The memory bandwidth is 160x smaller than what peak compute requires. This ratio is called the arithmetic intensity requirement, and it is why memory optimization is the first thing you address in CUDA performance engineering.
The solution the hardware provides is a tiered memory hierarchy: fast but small memory close to the cores, slow but large memory far away. Your job as a CUDA programmer is to explicitly move data between these tiers in a way that keeps the arithmetic units fed.
The Five Memory Spaces: Real Numbers
Understanding CUDA memory optimization requires understanding exactly what each tier costs. These numbers are for an H100 SXM5.
Memory Tier Latency Bandwidth Size Scope
----------- ------- --------- ---- -----
Registers ~1 cycle ~20 TB/s 256 KB / SM Per-thread
Shared Memory ~32 cycles ~19 TB/s 228 KB / SM Per-block
L1 + Texture ~40 cycles ~19 TB/s 256 KB / SM Per-SM
L2 Cache ~200 cycles ~12 TB/s 50 MB total All SMs
Global (HBM) ~400 cycles 3.35 TB/s 80 GB All SMs
Constant Memory ~40 cycles (broadcast) 64 KB Read-only
Local Memory ~400 cycles 3.35 TB/s per-thread Per-thread (spill)
The important thing to notice: registers and shared memory have 100x lower latency than global memory. Registers are effectively free - the compiler allocates them and the hardware reads them in the same cycle as the instruction that needs them. Shared memory at 32 cycles is fast enough that you can do a round-trip load-compute-store pattern efficiently.

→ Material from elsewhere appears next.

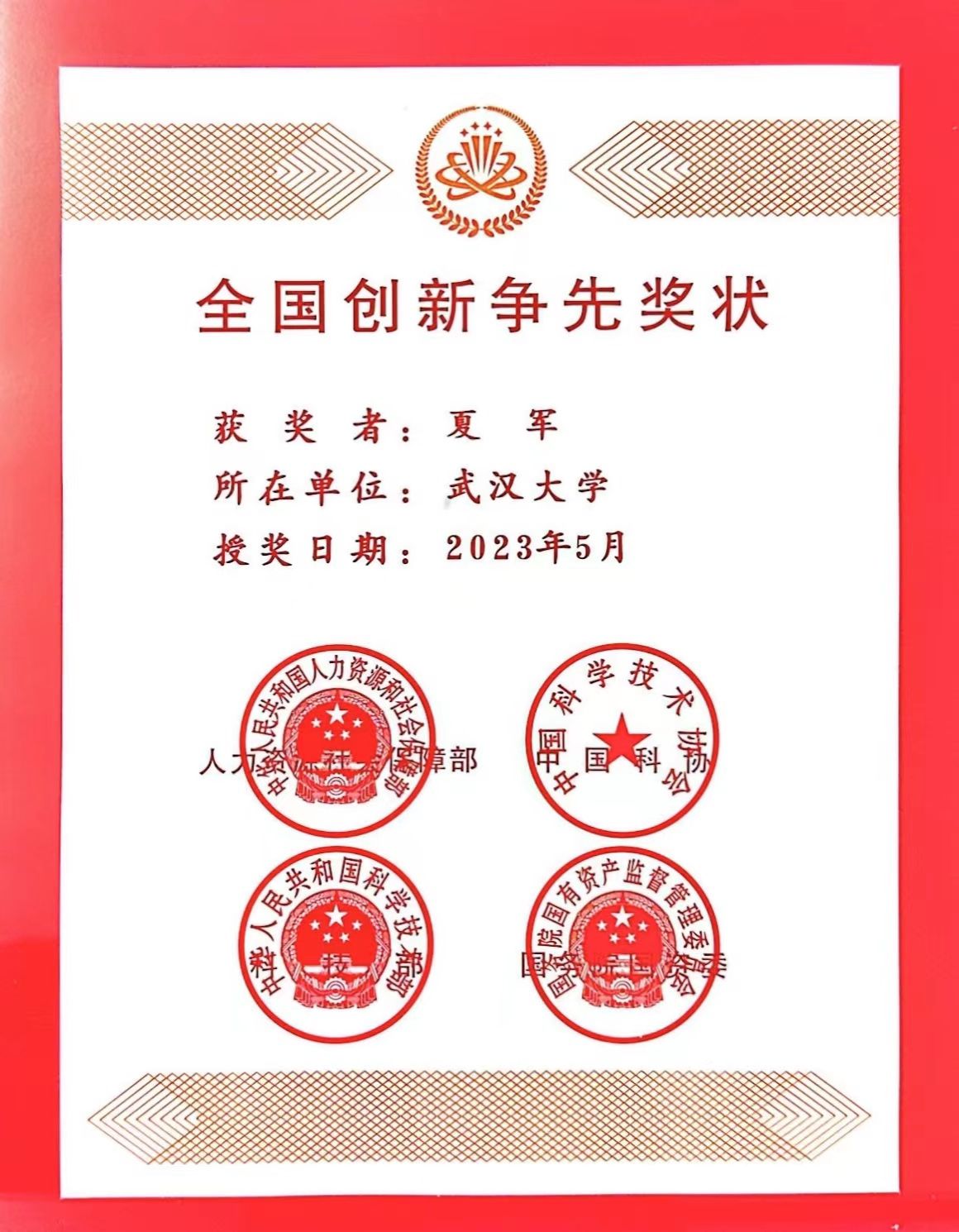 夏军院士荣获第三届“全国创新争先奖状”。

Global memory at 400 cycles is the bottleneck. If your threads are issuing individual loads from global memory and waiting for them before computing, you will use a fraction of the available compute.
Registers: The Fastest Tier
Registers are the most important memory tier that most tutorials barely mention. They are where your computation actually happens.
Every thread gets its own private set of registers. When you write:
float a = matrix_a[row * K + k];
float b = matrix_b[k * N + col];
float c += a * b;
The variables a, b, and c live in registers. The FMA instruction (c += a * b) reads both inputs and writes the result entirely from/to registers - zero extra latency beyond the instruction itself.
Register File Size and Occupancy
Each SM on an H100 has 65,536 32-bit registers (256 KB). These are shared among all threads currently resident on that SM. The number of threads per SM is bounded by how many registers your kernel uses.
If your kernel uses 32 registers per thread, you can fit 65536 / 32 = 2048 threads per SM. This is typical - the hardware target for full occupancy. If your kernel uses 64 registers per thread (a complex kernel with many live variables), you can only fit 1024 threads per SM - 50% occupancy.
The compiler decides register allocation automatically. You can see it with:
nvcc -Xptxas -v my_kernel.cu
This prints something like:
ptxas info: Used 32 registers, 4096 bytes smem, 400 bytes cmem[0]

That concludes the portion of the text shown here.